■ **Aim of the task**: Output exactly the lines of the listing below that run from the line with "لاہور میں پاک" through the line with "(…) o naruszeniu". No pictures.

■ **Records shown**:
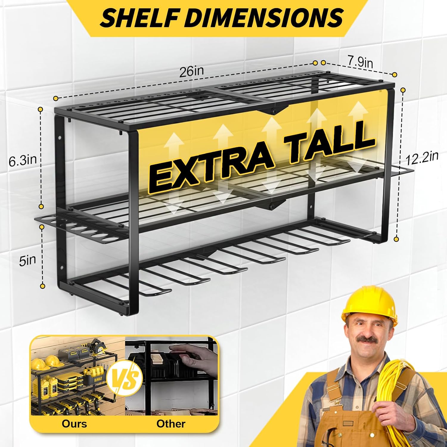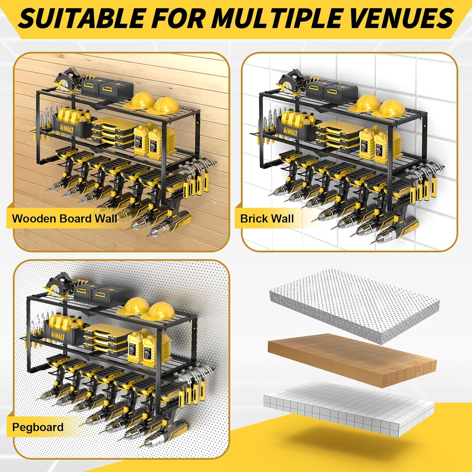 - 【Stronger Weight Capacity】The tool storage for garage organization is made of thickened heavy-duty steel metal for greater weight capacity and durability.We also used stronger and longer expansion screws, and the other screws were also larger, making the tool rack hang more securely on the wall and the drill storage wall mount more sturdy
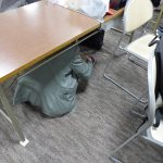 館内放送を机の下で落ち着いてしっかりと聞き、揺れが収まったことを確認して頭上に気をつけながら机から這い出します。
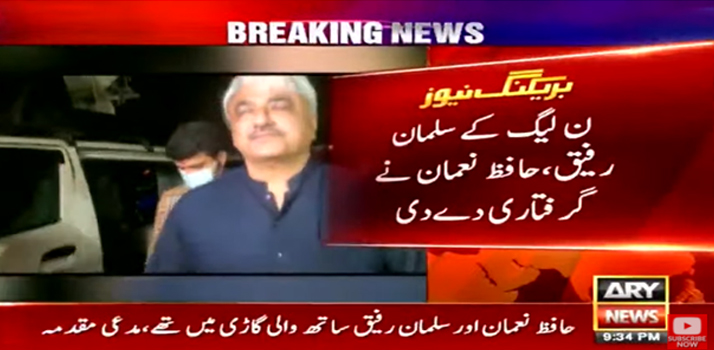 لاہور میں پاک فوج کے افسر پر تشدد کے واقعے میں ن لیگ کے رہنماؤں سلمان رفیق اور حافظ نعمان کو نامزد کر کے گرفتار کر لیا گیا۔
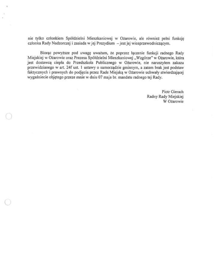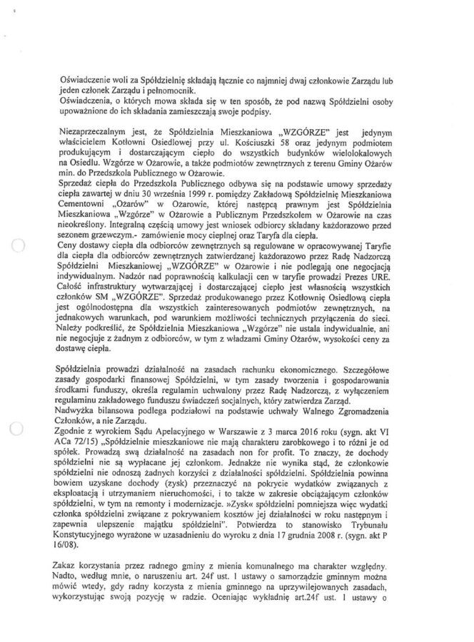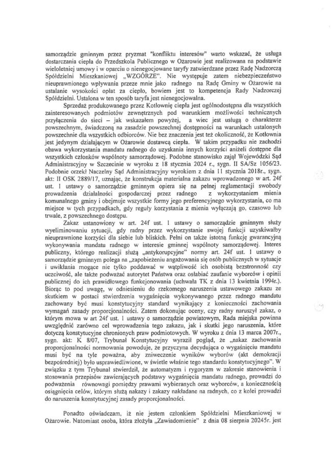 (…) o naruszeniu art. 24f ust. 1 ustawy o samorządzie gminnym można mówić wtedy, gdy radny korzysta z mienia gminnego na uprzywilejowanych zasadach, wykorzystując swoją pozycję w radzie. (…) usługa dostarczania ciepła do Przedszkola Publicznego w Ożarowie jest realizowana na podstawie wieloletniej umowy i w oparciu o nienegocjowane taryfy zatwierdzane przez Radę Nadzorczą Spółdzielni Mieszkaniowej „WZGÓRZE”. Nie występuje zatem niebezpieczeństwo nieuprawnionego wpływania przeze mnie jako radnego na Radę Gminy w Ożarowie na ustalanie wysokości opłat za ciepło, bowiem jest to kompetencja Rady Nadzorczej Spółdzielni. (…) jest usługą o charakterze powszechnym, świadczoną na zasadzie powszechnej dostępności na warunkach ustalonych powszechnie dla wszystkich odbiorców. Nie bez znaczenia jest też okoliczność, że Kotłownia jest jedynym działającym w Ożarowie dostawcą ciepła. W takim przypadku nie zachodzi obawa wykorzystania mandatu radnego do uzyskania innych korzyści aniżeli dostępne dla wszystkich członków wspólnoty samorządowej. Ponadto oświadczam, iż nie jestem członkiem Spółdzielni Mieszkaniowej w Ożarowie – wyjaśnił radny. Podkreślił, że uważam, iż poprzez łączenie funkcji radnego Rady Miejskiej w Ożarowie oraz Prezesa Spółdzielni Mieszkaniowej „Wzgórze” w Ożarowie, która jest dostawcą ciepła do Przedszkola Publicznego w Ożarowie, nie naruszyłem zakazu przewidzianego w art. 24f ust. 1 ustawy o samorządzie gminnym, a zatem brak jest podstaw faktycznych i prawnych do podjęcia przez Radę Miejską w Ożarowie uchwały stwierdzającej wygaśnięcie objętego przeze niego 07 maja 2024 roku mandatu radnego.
==
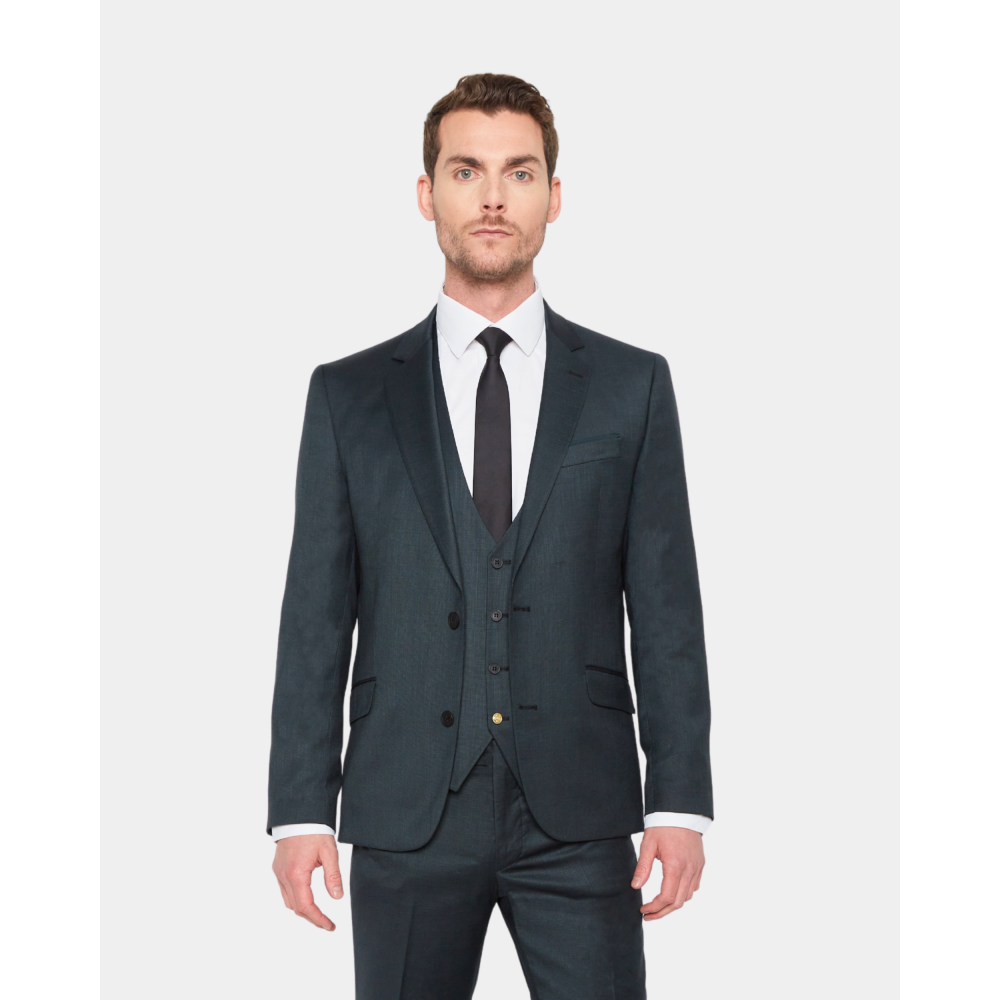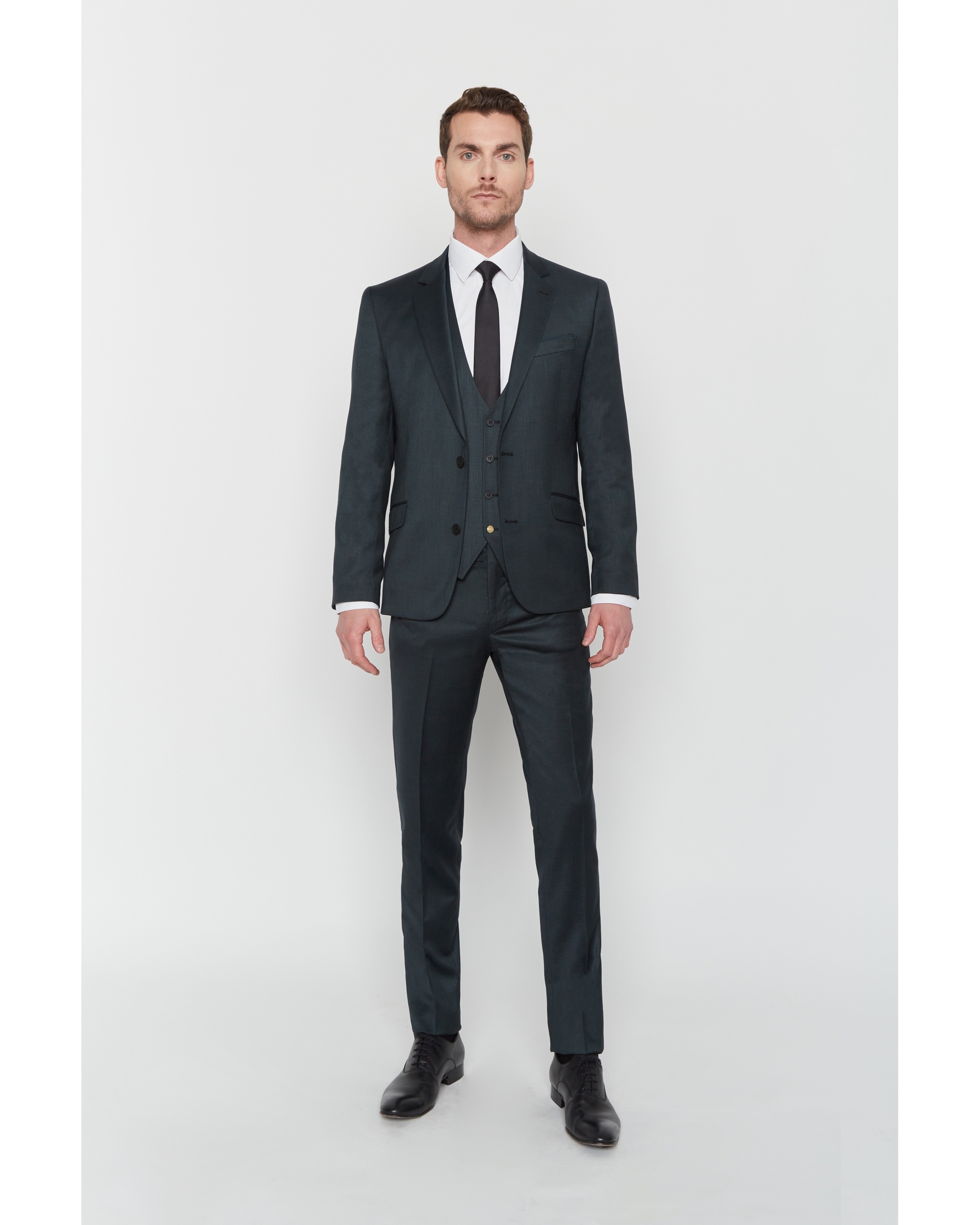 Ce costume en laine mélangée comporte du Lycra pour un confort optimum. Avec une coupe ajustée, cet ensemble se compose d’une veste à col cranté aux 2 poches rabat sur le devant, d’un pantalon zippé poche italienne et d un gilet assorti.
--
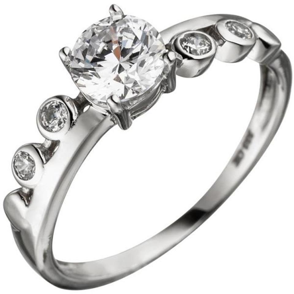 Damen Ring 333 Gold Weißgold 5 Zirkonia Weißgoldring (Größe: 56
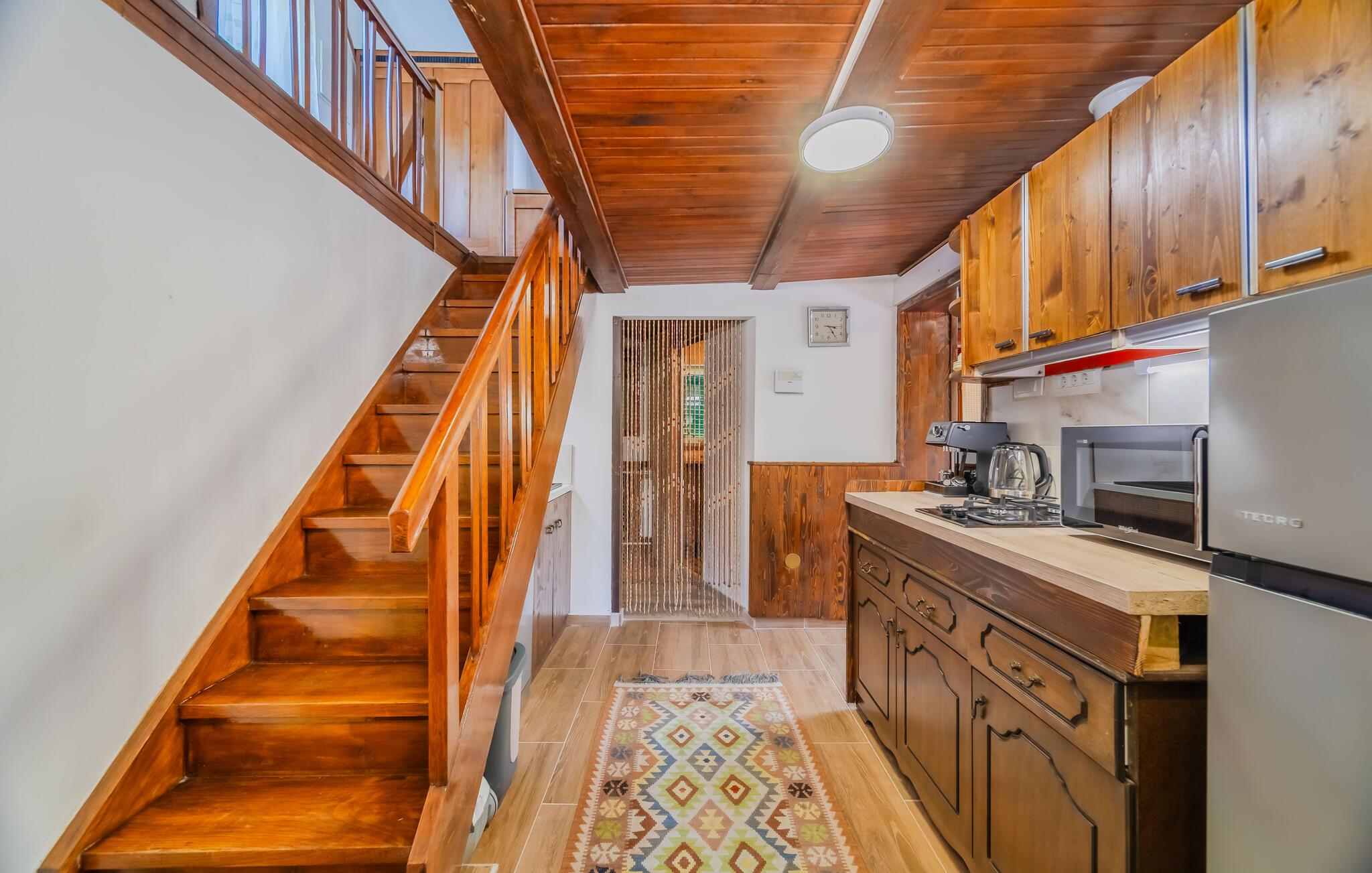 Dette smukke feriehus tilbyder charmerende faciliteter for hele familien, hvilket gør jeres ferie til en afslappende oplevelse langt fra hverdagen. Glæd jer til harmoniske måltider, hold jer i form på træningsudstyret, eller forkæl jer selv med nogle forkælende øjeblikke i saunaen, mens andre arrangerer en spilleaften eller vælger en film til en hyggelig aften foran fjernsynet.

■ **Reply to the exercise**:
 لاہور میں پاک فوج کے افسر پر تشدد کے واقعے میں ن لیگ کے رہنماؤں سلمان رفیق اور حافظ نعمان کو نامزد کر کے گرفتار کر لیا گیا۔
 (…) o naruszeniu art. 24f ust. 1 ustawy o samorządzie gminnym można mówić wtedy, gdy radny korzysta z mienia gminnego na uprzywilejowanych zasadach, wykorzystując swoją pozycję w radzie. (…) usługa dostarczania ciepła do Przedszkola Publicznego w Ożarowie jest realizowana na podstawie wieloletniej umowy i w oparciu o nienegocjowane taryfy zatwierdzane przez Radę Nadzorczą Spółdzielni Mieszkaniowej „WZGÓRZE”. Nie występuje zatem niebezpieczeństwo nieuprawnionego wpływania przeze mnie jako radnego na Radę Gminy w Ożarowie na ustalanie wysokości opłat za ciepło, bowiem jest to kompetencja Rady Nadzorczej Spółdzielni. (…) jest usługą o charakterze powszechnym, świadczoną na zasadzie powszechnej dostępności na warunkach ustalonych powszechnie dla wszystkich odbiorców. Nie bez znaczenia jest też okoliczność, że Kotłownia jest jedynym działającym w Ożarowie dostawcą ciepła. W takim przypadku nie zachodzi obawa wykorzystania mandatu radnego do uzyskania innych korzyści aniżeli dostępne dla wszystkich członków wspólnoty samorządowej. Ponadto oświadczam, iż nie jestem członkiem Spółdzielni Mieszkaniowej w Ożarowie – wyjaśnił radny. Podkreślił, że uważam, iż poprzez łączenie funkcji radnego Rady Miejskiej w Ożarowie oraz Prezesa Spółdzielni Mieszkaniowej „Wzgórze” w Ożarowie, która jest dostawcą ciepła do Przedszkola Publicznego w Ożarowie, nie naruszyłem zakazu przewidzianego w art. 24f ust. 1 ustawy o samorządzie gminnym, a zatem brak jest podstaw faktycznych i prawnych do podjęcia przez Radę Miejską w Ożarowie uchwały stwierdzającej wygaśnięcie objętego przeze niego 07 maja 2024 roku mandatu radnego.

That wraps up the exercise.